OCTOBER 21, 2011 / BY CAMPAIGN STAFF Occupy Wall Street: Where do we fit in?

As the second month of Occupy Wall Street got off the ground, artist Jasiri X and director Paradise Gray set powerful images to a hip hop beat—bringing a familiar tone to a movement some people of color are tuning out. It's easy to look at images of predominately White protestors taking to the streets and reports of missteps and wonder whether Occupy Wall Street is really welcoming or relevant to Black people.

Challenging our financial system may be a new rally call for some of OWS participants, but Black folks can point to generations of intimate experiences with economic injustice and a deep knowledge of movement building. Can the movement channel this knowledge? 

We Shall Not be Moved

The Black experience in this country is full of the type of efforts taking place across the world today in solidarity with OWS. As mass mobilizers, the Greensboro Four galvanized nearly 70,000 Blacks to participate in sit-ins across the South. The platform of economic opportunity and access to employment led the Black Panther Party’s ten-point plan, arguing that “the means of production should be taken from the businessmen and placed in the community so that the people of the community can organize and employ all of its people and give a high standard of living." Even in the years before Twitter and Facebook, transnational networks were powerful and central to the movement to end Apartheid in South Africa, connecting the African Diaspora through struggles for self-determination.

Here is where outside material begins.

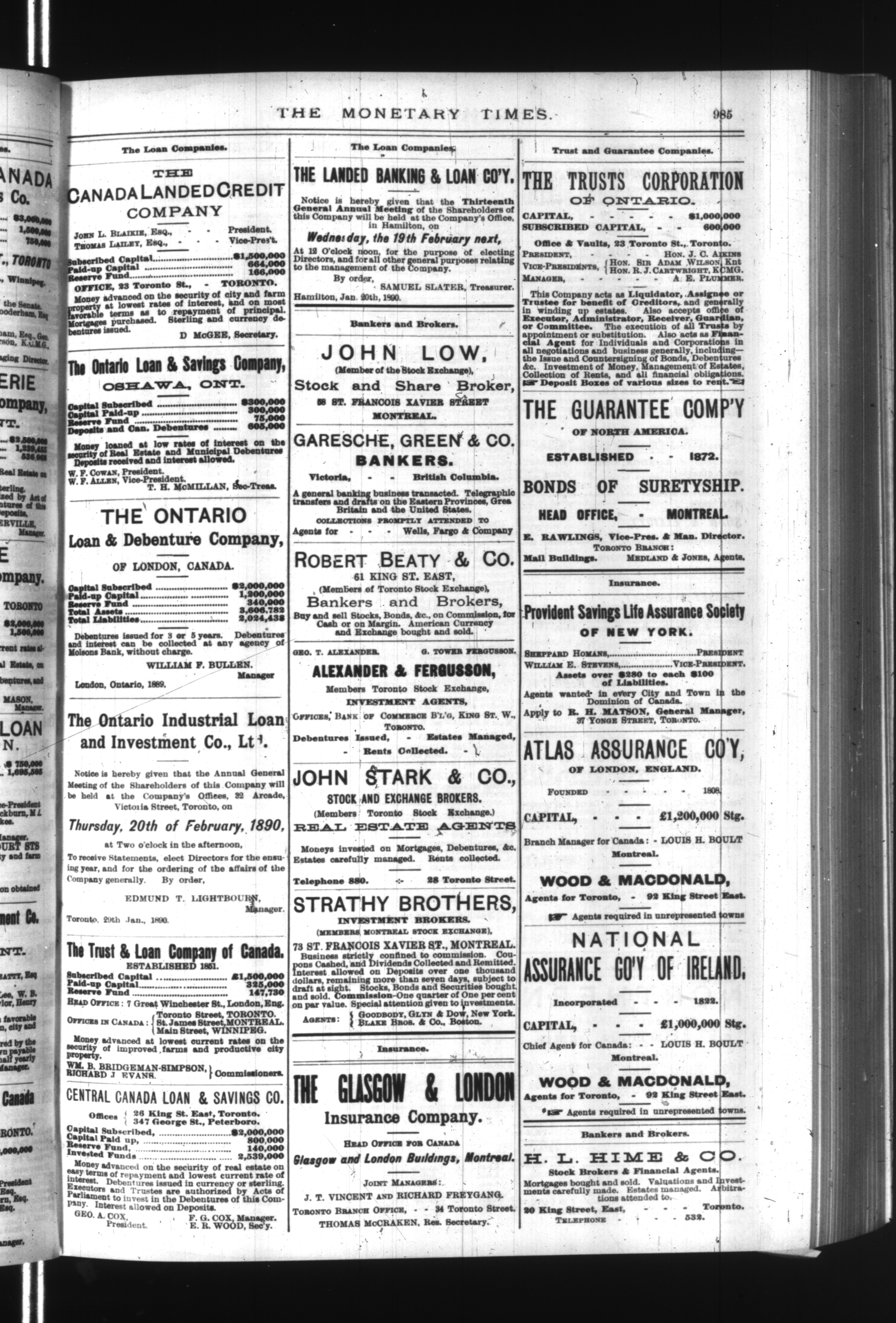 The monetary times, trade review and insurance chronicle : Vol. XXIII, No. 33 (February 14, 1890)

We are all frustrated (#understatements) with financial institutions in the wake of the economic crisis, and the gap between the rich and the poor is deplorable. African-American oppression is directly wed to the accumulation of wealth in this country. In its origins, the American economic structure was a system designed with African bondage in mind. This memory fresh in their minds, generations of Black activists have challenged our nation’s economic configuration. 

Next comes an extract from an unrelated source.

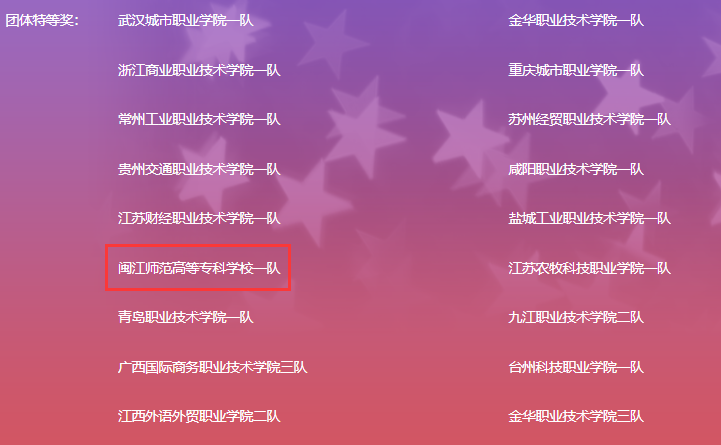 本次大赛共有1207支参赛队(其中本科组595支、高职组573支、中职组39支),共计3621名选手参加了此次比赛。由外语商贸学院傅雅凌、肖怡文老师带队的来自应用英语专业的6名、共2队参赛选手,经过3天的比赛,获得高职一站团体特等奖,以及高职二站团体一等奖,学生个人奖项跟随团体奖。

The nature of OWS makes its direction almost impossible to predict, but the contributions of Black voices to this type of direct, populist action has been invaluable. So what does meaningful participation by people of color look like, given our historical expertise in direct action and movement building? People have begun to weigh in on this conversation and opinions are bound to vary, especially given that the fight for economic justice is one we know better than most.